*Task statement:* Unless a line falls after the one with "Assembling Sweet ‘n’", retype it exactly from the records below; leave out all pictures.

*Data provided:*
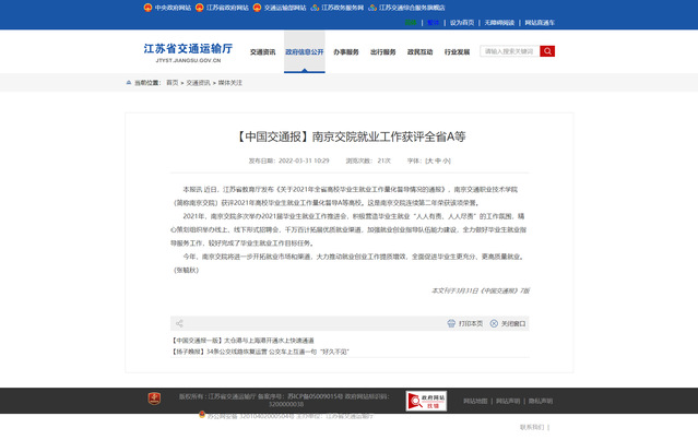 【江苏省交通运输厅官网】南京交院就业工作获评全省A等
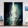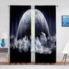 Night Sky Full Moon and Foggy Clouds with Sea Ocean Tulle Curtains for Living Room Bedroom Sheer Voile Kitchen Window Curtain
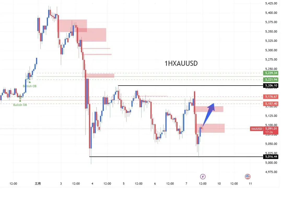 中东开战后,市场一面倒看多黄金,但金价没有单边起飞,而是在高位进入大震荡。周线收阴,黄金多次冲高至 5190 一带就被压回,5190–5226 已形成明显压力区,有机会演变成大平台。本周暂视为高位震荡+调整行情,只有有效突破 5226,才有空间再看新一轮大多头。
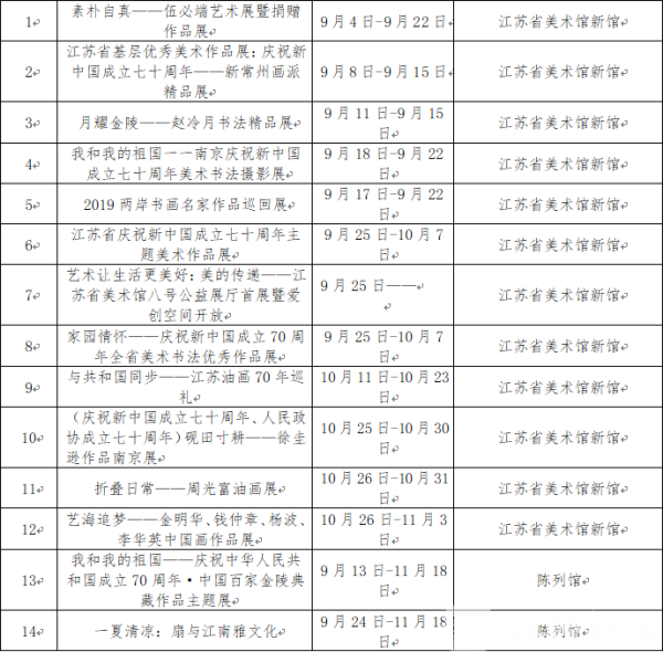 此外,江苏省美术馆还将陆续展出“素朴自真——伍必端艺术展暨捐赠作品展”、“江苏省基层优秀美术作品展:庆祝新中国成立七十周年——新常州画派精品展”、“月耀金陵——赵冷月书法精品展” 等展览。
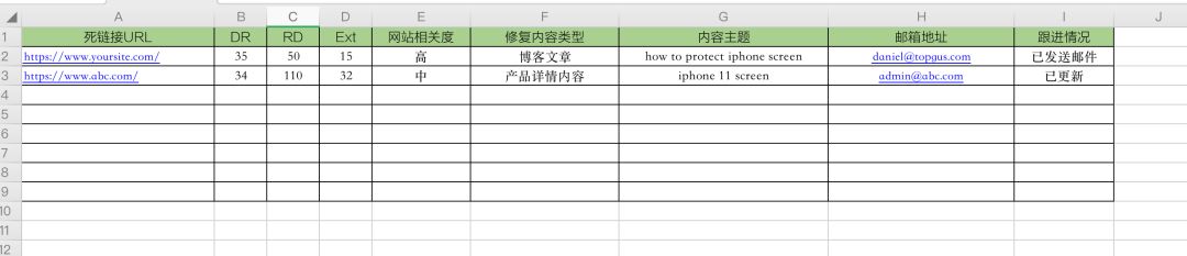 d. 把觉得可以去做的外链,使用Excel表格制定成一个表单,进行跟进。
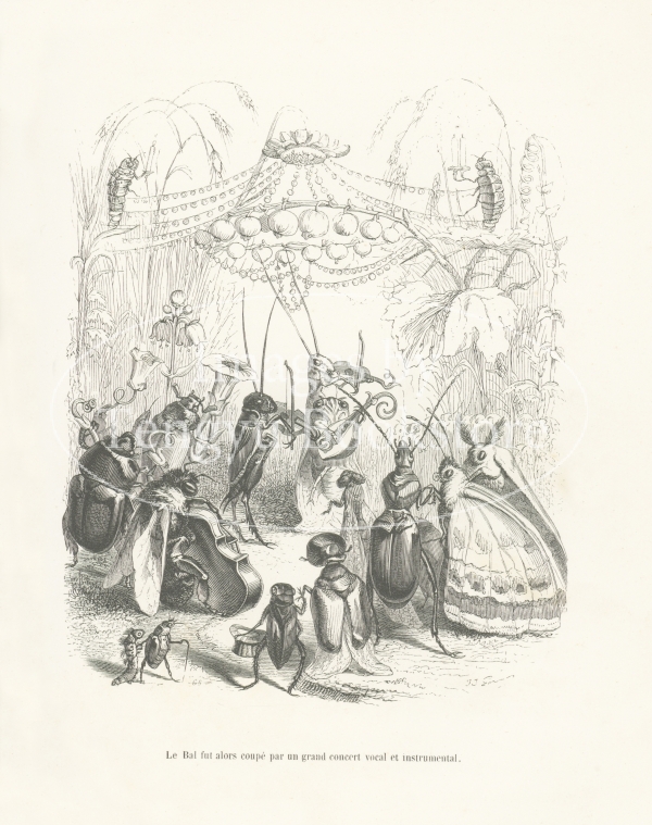 19世紀フランスの挿絵画家J.J.グランヴィル(1803-1847)の代表作「動物たちの私生活及び公生活の情景」の挿絵。
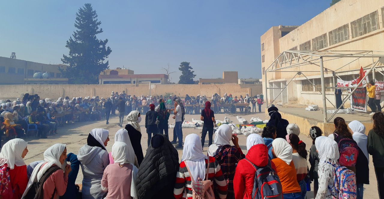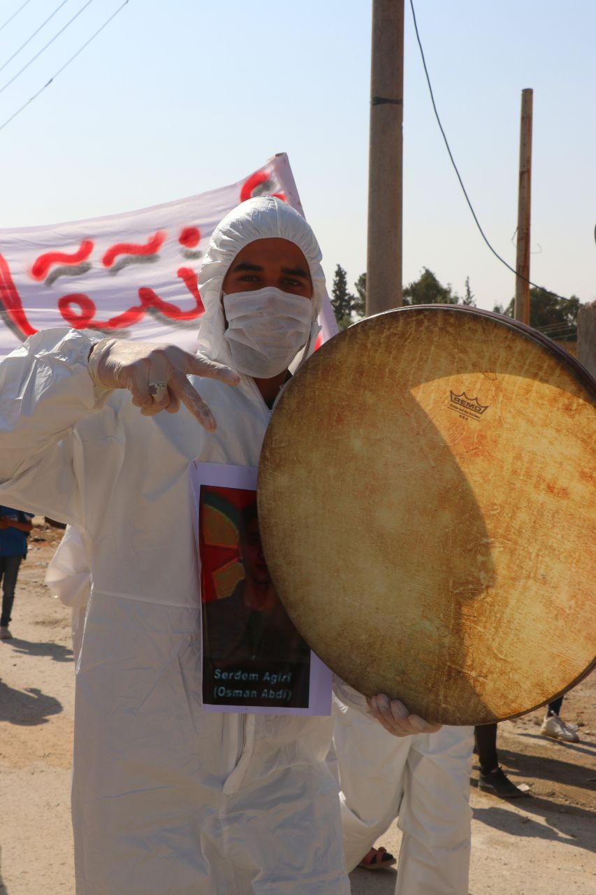 Piştî wê şanoyê, ciwanan ji dibistana şehîd Hevrîn dest bi meşekê kirin. Ciwanan di meşê de pankartên ku êrîşên dewleta Tirk a dagirker li ser Herêmên Parastina Medya û ser tevahî Herêmên Bakur-Rojhilatê Sûriyê şermazar dikir rakirin. Heman demê de bê navber silogan hatin berz kirin.
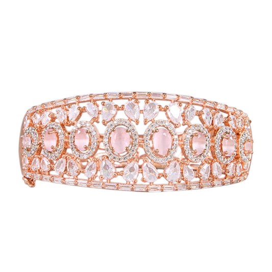 Rose Gold-Plated Pink Stone Bangle with White CZ Accents for Women
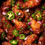 Assembling Sweet ‘n’ Tangy Chicken Wings is all about creating tender, saucy wings with a bold, sticky glaze and optional crunchy toppings. Here’s how to put it together:
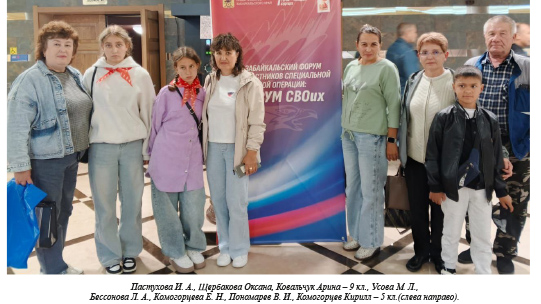 На дискуссионной площадке «Уроки с передовой (или СВОи учителя)», организованной министерством образования Забайкальского края, педагоги нашей школы вместе с детьми участников СВО с огромным интересом слушали рассказы учителей-героев, которые участвовали в боевых действиях и в настоящее время работают в школах края.
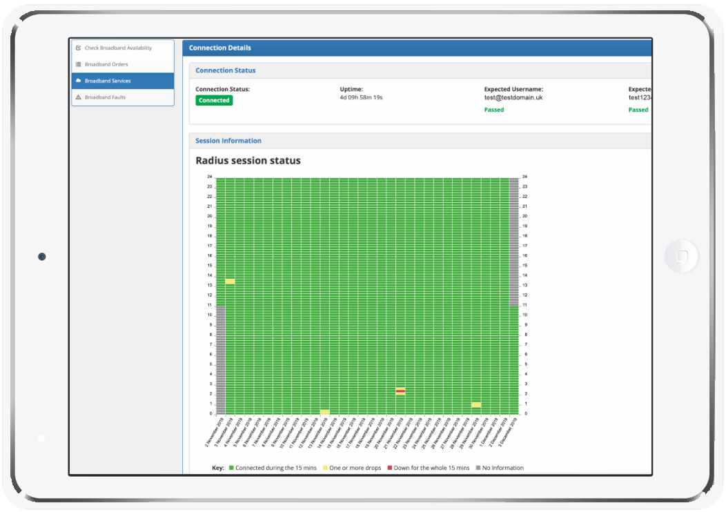 The Plustel portal allows you to check broadband availablity of a location by searching for the CLI or postcode. You can also place orders, and manage every aspect of your broadband service. Monitor network performance and uptime in easy-to-read graphs.
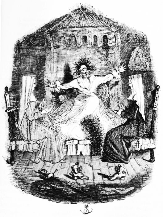 Sir Walter has dress'd himself up like a Ghost, And frightens a soldier away from his post; Then, discarding his helmet, he pulls his cloak higher, Draws it over his ears and pretends he's a Friar. This gains him access to his sweetheart, Miss Faucit; But, the King coming in, he hides up in her closet; [Pg 506] Where oddly enough, among some of her things, He discovers some arrows he's sure are the King's, Of the very same pattern with that which he found Sticking into his father when dead on the ground! Forgetting his funk, he bursts open the door, Bounces into the Drawing-room, stamps on the floor, With an oath on his tongue, and revenge in his eye, And blows up King William the Second, sky-high; Swears, storms, shakes his fist, and exhibits such airs, That his Majesty bids his men kick him down stairs.
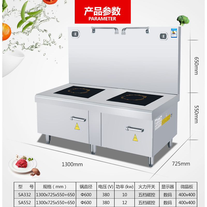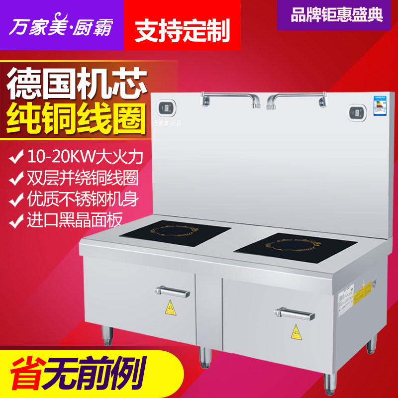 15KW short soup stove induction cooker commercial double-head plane high-power soup stove kitchen industrial stove Wanjiamei kitchen bully
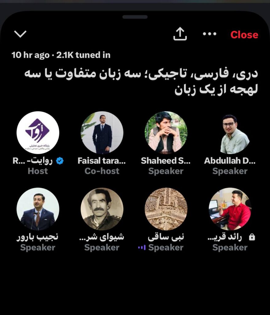 برنامه کافه پرسش پایگاه خبری تحلیلی روایت شب گذشته سهشنبهشب (۲۷ عقرب/آبان) در صفحه ایکس این پایگاه با حضور شماری از نویسندگان، شاعران و پژوهشگران برگزار شد. موضوع این نشست یکی از بحثهای دیرینه و حساس در حوزه زبان و فرهنگ بود: آیا فارسی، دری و تاجیکی سه زبان مستقلاند یا سه لهجه از یک زبان واحد؟ مهمانان این برنامه شامل شیوای شرق، نجیب بارور، نبی ساقی، رائد قریشی، دکتر محیالدین مهدی و داود عرفان بودند.
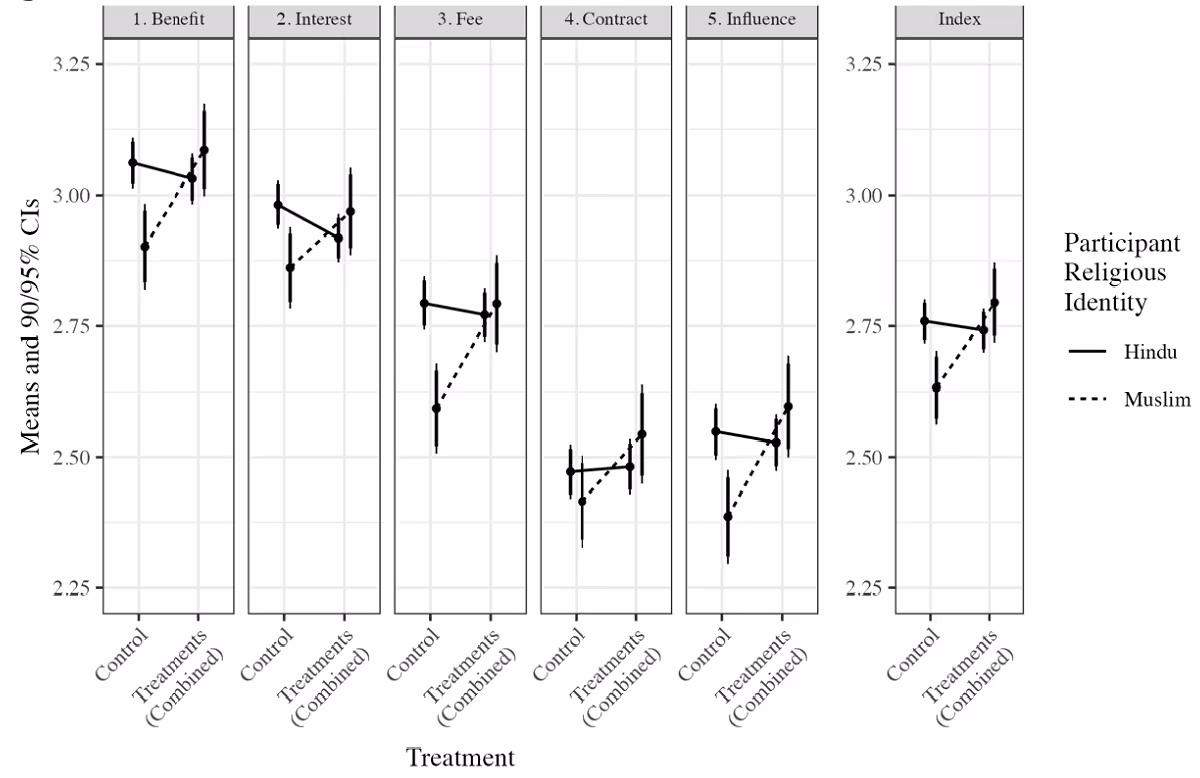 The findings on ethnic diversity were also unexpected. We used data from GPS coordinates of respondents to produce a fine-grained and highly accurate measure of diversity, estimating the proportion of Hindus and Muslims within a 100-metre radius (equivalent of a few streets) for each respondent. Using this measure, neighbourhood diversity had no effect on the results. Further, the treatment effects for Muslims in majority-Hindu and majority-Muslim neighbourhoods were stronger, providing further evidence that there is no clear relationship between neighbourhood diversity and the effect of our interventions. Our results hold after accounting for a host of relevant factors, including the strength of social ties, gender, and socioeconomic status, and we do not find any evidence that religiosity or cultural distinctiveness of Muslims shaped the outcomes.
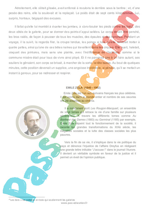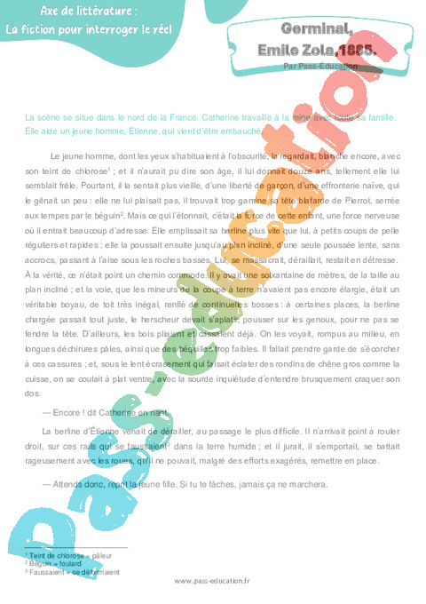 Littérature 4ème Germinal, Emile Zola,1885 pdf
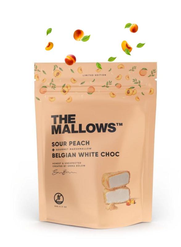 Gourmetvaniljmarshmallows täckta med len vit choklad och en fruktig touch av syrlig persika.
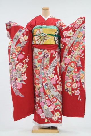 104-LL-kaw0075 振袖レンタル LLサイズ 赤/熨斗目模様に枝桜 振袖 ~13号..
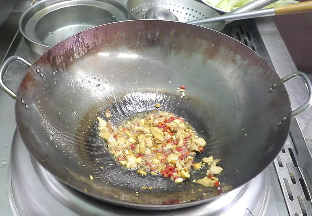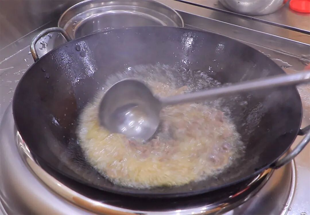 5.锅内烧油,油温4成热时,油面平静不冒烟,把猪肝快速滑炒10秒钟,猪肝变色定型以后倒出来控油。
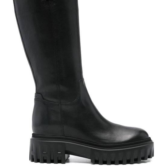 Black side zip fastening round toe chunky sole mid-calf height h700 leather boots
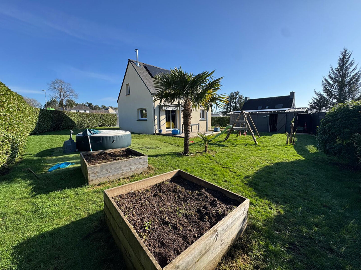 BZH Habitation vous propose en exclusivité cette magnifique maison contemporaine située sur la commune de Sulniac, une commune dynamique et recherchée pour sa qualité de vie. Appréciée pour son tissu associatif actif, ses commerces de proximité et ses écoles, Sulniac offre un cadre de vie idéal pour les familles comme pour les actifs. Vous profitez également d'une situation stratégique avec un accès rapide aux grands axes en direction de Nantes et Rennes, tout en restant à seulement 15 minutes de Vannes et de son bassin d'emploi. Implantée sur un terrain clos, arboré et soigneusement paysager, cette maison récente et parfaitement entretenue séduit dès les premiers instants par ses lignes contemporaines et la qualité de ses prestations. Elle développe une belle pièce de vie lumineuse, ouverte sur une cuisine aménagée et équipée, créant un espace convivial et fonctionnel idéal pour recevoir famille et amis. La terrasse exposée plein sud prolonge naturellement cet espace vers l'extérieur et permet de profiter pleinement des beaux jours dans un environnement calme et agréable. Le rez-de-chaussée propose également une chambre avec placard intégré, une salle d'eau moderne, des WC séparés ainsi qu'un espace buanderie pratique pour une organisation optimale du quotidien. A l'étage, vous découvrirez trois chambres supplémentaires avec placards, parfaitement adaptées à une vie de famille ou à un projet de télétravail, ainsi qu'une salle de bain fonctionnelle. A l'extérieur, la propriété bénéficie d'un grand abri de jardin d'environ 20 m², offrant un espace de stockage confortable pour les équipements, le mobilier de jardin ou les outils. Le terrain entièrement clos garantit sécurité et intimité, tout en proposant un cadre verdoyant et soigné. Cette maison à vendre à Sulniac se distingue également par son installation énergétique de dernière génération avec panneaux solaires couplés à un système de stockage sur batterie, un véritable atout pour maîtriser vos consommations et valoriser votre investissement sur le long terme. Moderne, propre et parfaitement entretenue, cette maison n'attend plus que vos valises et mérite d'être découverte sans tarder. Elle représente une opportunité rare sur le secteur, idéale pour une résidence principale alliant confort, performance énergétique et qualité de vie. Pour plus d'informations ou pour organiser une visite de cette maison en exclusivité à Sulniac, contactez-nous dès maintenant. Les informations sur les risques auxquels ce bien est exposé sont disponibles sur le site Géorisques : www.georisques.gouv.fr
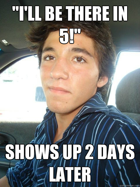 "I'll be there in 5!" Shows up 2 days later

*Result:*
 【江苏省交通运输厅官网】南京交院就业工作获评全省A等
 Night Sky Full Moon and Foggy Clouds with Sea Ocean Tulle Curtains for Living Room Bedroom Sheer Voile Kitchen Window Curtain
 中东开战后,市场一面倒看多黄金,但金价没有单边起飞,而是在高位进入大震荡。周线收阴,黄金多次冲高至 5190 一带就被压回,5190–5226 已形成明显压力区,有机会演变成大平台。本周暂视为高位震荡+调整行情,只有有效突破 5226,才有空间再看新一轮大多头。
 此外,江苏省美术馆还将陆续展出“素朴自真——伍必端艺术展暨捐赠作品展”、“江苏省基层优秀美术作品展:庆祝新中国成立七十周年——新常州画派精品展”、“月耀金陵——赵冷月书法精品展” 等展览。
 d. 把觉得可以去做的外链,使用Excel表格制定成一个表单,进行跟进。
 19世紀フランスの挿絵画家J.J.グランヴィル(1803-1847)の代表作「動物たちの私生活及び公生活の情景」の挿絵。
 Piştî wê şanoyê, ciwanan ji dibistana şehîd Hevrîn dest bi meşekê kirin. Ciwanan di meşê de pankartên ku êrîşên dewleta Tirk a dagirker li ser Herêmên Parastina Medya û ser tevahî Herêmên Bakur-Rojhilatê Sûriyê şermazar dikir rakirin. Heman demê de bê navber silogan hatin berz kirin.
 Rose Gold-Plated Pink Stone Bangle with White CZ Accents for Women
 Assembling Sweet ‘n’ Tangy Chicken Wings is all about creating tender, saucy wings with a bold, sticky glaze and optional crunchy toppings. Here’s how to put it together:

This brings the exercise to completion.